Reputation: 915
Below is how my data looks like.
City, count
Mexico, 1
Mexico, 1
London, 0
London, 1
London, 1
I am using Rle function to count the consistently in my values, but unable to apply the group logic.
I tried loop function, but it didn’t work.
I am looking for output like below
Mexico, 1:2
London, 0:1
London, 1:2
Upvotes: 3
Views: 1891
Reputation: 43344
data.table::rleid
is a quick way to add a run ID variable to group by, after which aggregation is typical. You can borrow it for a dplyr context, if you like:
library(dplyr)
df <- data_frame(City = c("Mexico", "Mexico", "London", "London", "London"),
count = c(1L, 1L, 0L, 1L, 1L))
df %>%
group_by(run = data.table::rleid(City, count), City) %>%
summarise(count = paste(count[1], n(), sep = ':'))
#> # A tibble: 3 x 3
#> # Groups: run [?]
#> run City count
#> <int> <chr> <chr>
#> 1 1 Mexico 1:2
#> 2 2 London 0:1
#> 3 3 London 1:2
But this data isn't big enough to differentiate between ordinary and run grouping. Resampling it to make it more representative dataset,
set.seed(47) # for reproducibility
df2 <- df %>% slice(sample(nrow(.), 10, replace = TRUE))
df2 %>%
group_by(run = data.table::rleid(City, count), City) %>%
summarise(count = paste(count[1], n(), sep = ':'))
#> # A tibble: 8 x 3
#> # Groups: run [?]
#> run City count
#> <int> <chr> <chr>
#> 1 1 London 1:1
#> 2 2 Mexico 1:1
#> 3 3 London 1:2
#> 4 4 London 0:1
#> 5 5 London 1:1
#> 6 6 Mexico 1:1
#> 7 7 London 0:2
#> 8 8 London 1:1
If you prefer, the same logic all in data.table:
library(data.table)
setDT(df2)[,
.(count = paste(count[1], .N, sep = ':')),
by = .(run = rleid(City, count), City)]
#> run City count
#> 1: 1 London 1:1
#> 2: 2 Mexico 1:1
#> 3: 3 London 1:2
#> 4: 4 London 0:1
#> 5: 5 London 1:1
#> 6: 6 Mexico 1:1
#> 7: 7 London 0:2
#> 8: 8 London 1:1
or base R:
df2$run <- data.table::rleid(df2$City, df2$count)

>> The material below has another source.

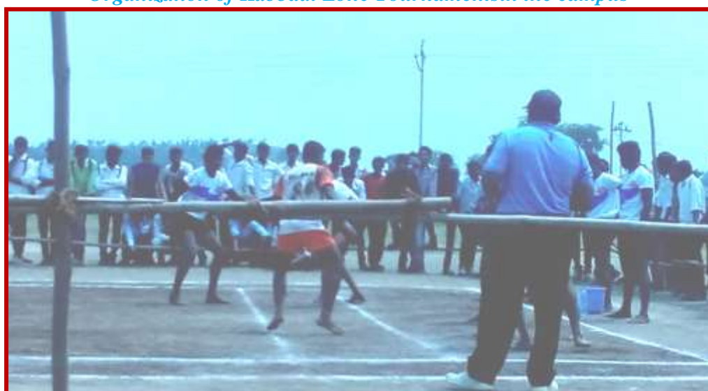
Organization of Kabbadi Zone Tournaments in the campus

aggregate(count ~ City + run, df2, function(x) paste(x[1], length(x), sep = ':'))
#> City run count
#> 1 London 1 1:1
#> 2 Mexico 2 1:1
#> 3 London 3 1:2
#> 4 London 4 0:1
#> 5 London 5 1:1
#> 6 Mexico 6 1:1
#> 7 London 7 0:2
#> 8 London 8 1:1
Upvotes: 5
Reputation: 5017
Try this solution:
Define a function using rle
:
f<-function(x,df)
{
var<-rle(df[df$City==x,"count"])
out<-data.frame(x,cbind(paste(var$values,var$lengths,sep=":")))
return(out)
}
Apply it on every city value using lapply
library("dplyr")
df_out<-suppressWarnings(bind_rows(lapply(as.character(unique(df$City)),f,df=df)))
colnames(df_out)<-c("City","count")
Your desired output:
df_out
City count
1 Mexico 1:2
2 London 0:1
3 London 1:2
Upvotes: 1
Reputation: 5893
df <- data.frame(city = c("Mexico", "Mexico", "London", "London", "London"),
count = c(1, 1, 0, 1, 1))
r <- rle(df$count)
df <- df[!duplicated(df), ]
df$count <- paste0(r$values, ":", r$lengths)
city count
1 Mexico 1:2
3 London 0:1
4 London 1:2
Upvotes: 2
Reputation: 269654
Try aggregate
: We define n
as a synonym for count
so that it does not get confused with it on both sides:
aggregate(count ~ City + n, transform(DF, n = count),
function(x) paste0(x[1], ":", length(x)))
giving:
City n count
1 London 0 0:1
2 London 1 1:2
3 Mexico 1 1:2
Lines <- "City, count
Mexico, 1
Mexico, 1
London, 0
London, 1
London, 1"
DF <- read.csv(text = Lines, as.is = TRUE)
Upvotes: 2
Reputation: 12074
Here's a solution that uses dplyr
. I use count
to count the instances of each city-number combination. Then, I stick together the number and the count of that number with a colon separator.
library(dplyr)
df <- data.frame(city = c("Mexico", "Mexico", "London", "London", "London"),
nums = c(1, 1, 0, 1, 1))
df %>%
count(city, nums) %>%
mutate(stuff = paste(nums, n, sep = ":")) %>%
select(city, stuff)
# # A tibble: 3 x 2
# city stuff
# <fct> <chr>
# 1 London 0:1
# 2 London 1:2
# 3 Mexico 1:2
Upvotes: 2